Data section ::
*** Begin section ***
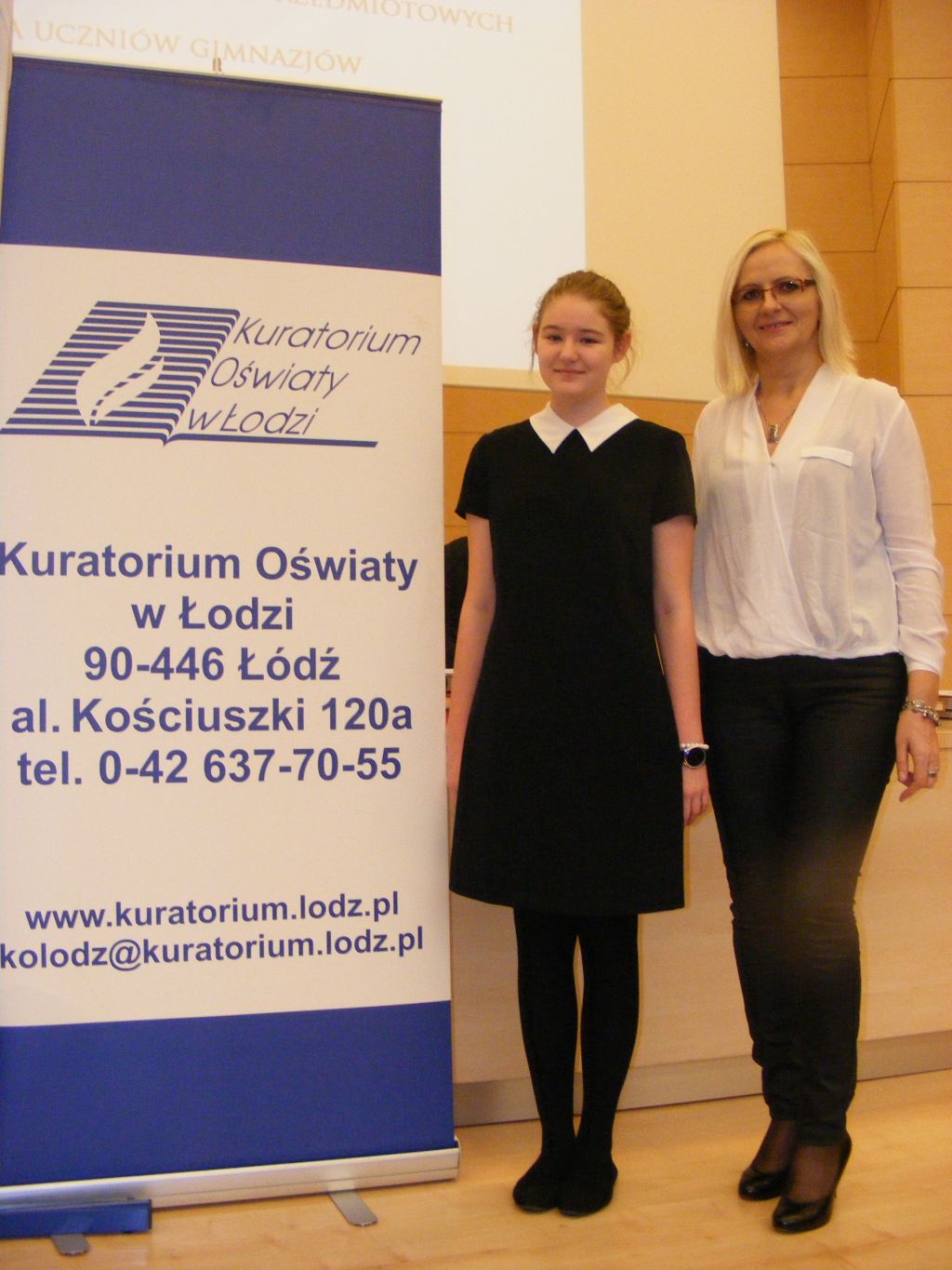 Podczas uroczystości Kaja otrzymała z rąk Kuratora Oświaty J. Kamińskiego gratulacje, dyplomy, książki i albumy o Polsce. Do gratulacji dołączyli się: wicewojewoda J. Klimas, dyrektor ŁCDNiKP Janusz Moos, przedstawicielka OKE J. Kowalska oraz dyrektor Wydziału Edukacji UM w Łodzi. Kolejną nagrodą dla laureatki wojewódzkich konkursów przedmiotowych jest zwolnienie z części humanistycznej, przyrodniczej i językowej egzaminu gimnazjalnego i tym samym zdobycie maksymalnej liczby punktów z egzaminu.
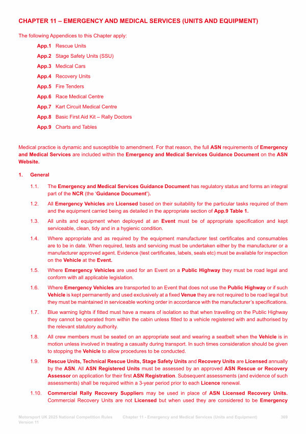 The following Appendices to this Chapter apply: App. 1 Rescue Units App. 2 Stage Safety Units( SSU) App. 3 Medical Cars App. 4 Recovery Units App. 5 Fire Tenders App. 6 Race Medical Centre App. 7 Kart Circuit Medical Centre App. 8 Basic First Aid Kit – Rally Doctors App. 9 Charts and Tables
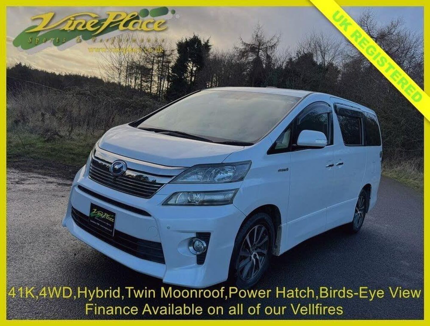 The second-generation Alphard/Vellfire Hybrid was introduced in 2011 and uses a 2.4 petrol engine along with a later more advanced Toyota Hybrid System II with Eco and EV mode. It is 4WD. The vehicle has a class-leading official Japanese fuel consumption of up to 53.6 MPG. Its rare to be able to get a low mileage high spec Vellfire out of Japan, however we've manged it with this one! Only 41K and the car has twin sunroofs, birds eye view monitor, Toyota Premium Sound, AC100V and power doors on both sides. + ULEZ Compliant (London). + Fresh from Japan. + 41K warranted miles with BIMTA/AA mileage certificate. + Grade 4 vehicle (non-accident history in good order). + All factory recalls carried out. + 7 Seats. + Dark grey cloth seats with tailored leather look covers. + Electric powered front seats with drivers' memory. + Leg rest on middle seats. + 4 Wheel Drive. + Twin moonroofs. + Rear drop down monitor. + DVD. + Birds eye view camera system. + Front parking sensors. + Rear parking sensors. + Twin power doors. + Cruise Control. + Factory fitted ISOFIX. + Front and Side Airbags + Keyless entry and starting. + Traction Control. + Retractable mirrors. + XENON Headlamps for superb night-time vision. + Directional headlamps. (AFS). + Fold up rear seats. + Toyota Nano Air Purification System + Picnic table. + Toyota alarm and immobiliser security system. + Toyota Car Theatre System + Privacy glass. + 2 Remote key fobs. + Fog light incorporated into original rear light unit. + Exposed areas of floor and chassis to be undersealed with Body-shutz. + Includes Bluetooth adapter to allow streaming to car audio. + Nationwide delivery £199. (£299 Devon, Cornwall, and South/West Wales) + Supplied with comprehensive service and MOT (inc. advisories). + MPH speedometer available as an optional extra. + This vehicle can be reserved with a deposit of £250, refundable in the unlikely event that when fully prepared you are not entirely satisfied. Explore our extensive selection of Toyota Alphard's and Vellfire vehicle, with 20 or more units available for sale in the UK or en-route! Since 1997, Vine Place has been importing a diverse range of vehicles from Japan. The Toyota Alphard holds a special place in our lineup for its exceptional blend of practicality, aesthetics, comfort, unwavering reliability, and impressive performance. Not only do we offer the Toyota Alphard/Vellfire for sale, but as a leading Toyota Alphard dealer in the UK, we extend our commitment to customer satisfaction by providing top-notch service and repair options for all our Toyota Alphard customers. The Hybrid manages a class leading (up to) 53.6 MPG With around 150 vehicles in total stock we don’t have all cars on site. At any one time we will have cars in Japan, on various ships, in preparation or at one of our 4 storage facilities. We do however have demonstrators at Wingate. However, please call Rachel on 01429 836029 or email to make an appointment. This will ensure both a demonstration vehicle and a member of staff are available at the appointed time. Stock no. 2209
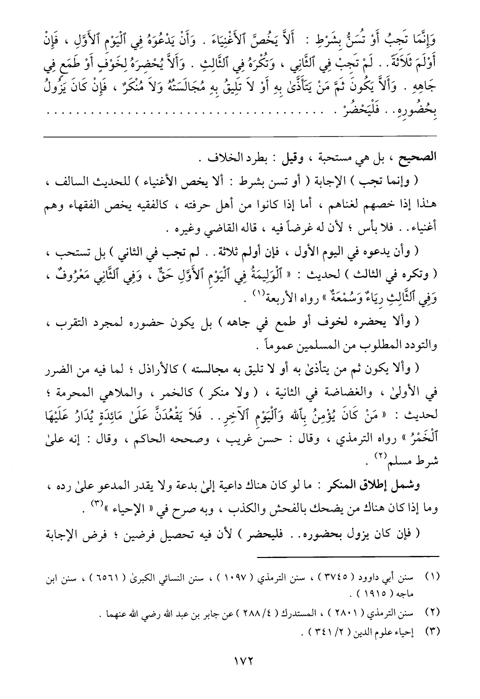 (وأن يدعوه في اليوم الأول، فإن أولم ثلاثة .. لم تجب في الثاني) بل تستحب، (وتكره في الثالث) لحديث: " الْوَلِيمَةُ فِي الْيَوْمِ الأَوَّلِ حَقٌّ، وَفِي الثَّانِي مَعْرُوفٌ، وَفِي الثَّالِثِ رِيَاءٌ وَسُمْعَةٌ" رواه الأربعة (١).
*** End section ***
What you should do ::
Copy out the material above in full and exactly; its pictures are not to appear.

Problem solution ::
 Podczas uroczystości Kaja otrzymała z rąk Kuratora Oświaty J. Kamińskiego gratulacje, dyplomy, książki i albumy o Polsce. Do gratulacji dołączyli się: wicewojewoda J. Klimas, dyrektor ŁCDNiKP Janusz Moos, przedstawicielka OKE J. Kowalska oraz dyrektor Wydziału Edukacji UM w Łodzi. Kolejną nagrodą dla laureatki wojewódzkich konkursów przedmiotowych jest zwolnienie z części humanistycznej, przyrodniczej i językowej egzaminu gimnazjalnego i tym samym zdobycie maksymalnej liczby punktów z egzaminu.
 The following Appendices to this Chapter apply: App. 1 Rescue Units App. 2 Stage Safety Units( SSU) App. 3 Medical Cars App. 4 Recovery Units App. 5 Fire Tenders App. 6 Race Medical Centre App. 7 Kart Circuit Medical Centre App. 8 Basic First Aid Kit – Rally Doctors App. 9 Charts and Tables
 The second-generation Alphard/Vellfire Hybrid was introduced in 2011 and uses a 2.4 petrol engine along with a later more advanced Toyota Hybrid System II with Eco and EV mode. It is 4WD. The vehicle has a class-leading official Japanese fuel consumption of up to 53.6 MPG. Its rare to be able to get a low mileage high spec Vellfire out of Japan, however we've manged it with this one! Only 41K and the car has twin sunroofs, birds eye view monitor, Toyota Premium Sound, AC100V and power doors on both sides. + ULEZ Compliant (London). + Fresh from Japan. + 41K warranted miles with BIMTA/AA mileage certificate. + Grade 4 vehicle (non-accident history in good order). + All factory recalls carried out. + 7 Seats. + Dark grey cloth seats with tailored leather look covers. + Electric powered front seats with drivers' memory. + Leg rest on middle seats. + 4 Wheel Drive. + Twin moonroofs. + Rear drop down monitor. + DVD. + Birds eye view camera system. + Front parking sensors. + Rear parking sensors. + Twin power doors. + Cruise Control. + Factory fitted ISOFIX. + Front and Side Airbags + Keyless entry and starting. + Traction Control. + Retractable mirrors. + XENON Headlamps for superb night-time vision. + Directional headlamps. (AFS). + Fold up rear seats. + Toyota Nano Air Purification System + Picnic table. + Toyota alarm and immobiliser security system. + Toyota Car Theatre System + Privacy glass. + 2 Remote key fobs. + Fog light incorporated into original rear light unit. + Exposed areas of floor and chassis to be undersealed with Body-shutz. + Includes Bluetooth adapter to allow streaming to car audio. + Nationwide delivery £199. (£299 Devon, Cornwall, and South/West Wales) + Supplied with comprehensive service and MOT (inc. advisories). + MPH speedometer available as an optional extra. + This vehicle can be reserved with a deposit of £250, refundable in the unlikely event that when fully prepared you are not entirely satisfied. Explore our extensive selection of Toyota Alphard's and Vellfire vehicle, with 20 or more units available for sale in the UK or en-route! Since 1997, Vine Place has been importing a diverse range of vehicles from Japan. The Toyota Alphard holds a special place in our lineup for its exceptional blend of practicality, aesthetics, comfort, unwavering reliability, and impressive performance. Not only do we offer the Toyota Alphard/Vellfire for sale, but as a leading Toyota Alphard dealer in the UK, we extend our commitment to customer satisfaction by providing top-notch service and repair options for all our Toyota Alphard customers. The Hybrid manages a class leading (up to) 53.6 MPG With around 150 vehicles in total stock we don’t have all cars on site. At any one time we will have cars in Japan, on various ships, in preparation or at one of our 4 storage facilities. We do however have demonstrators at Wingate. However, please call Rachel on 01429 836029 or email to make an appointment. This will ensure both a demonstration vehicle and a member of staff are available at the appointed time. Stock no. 2209
 (وأن يدعوه في اليوم الأول، فإن أولم ثلاثة .. لم تجب في الثاني) بل تستحب، (وتكره في الثالث) لحديث: " الْوَلِيمَةُ فِي الْيَوْمِ الأَوَّلِ حَقٌّ، وَفِي الثَّانِي مَعْرُوفٌ، وَفِي الثَّالِثِ رِيَاءٌ وَسُمْعَةٌ" رواه الأربعة (١).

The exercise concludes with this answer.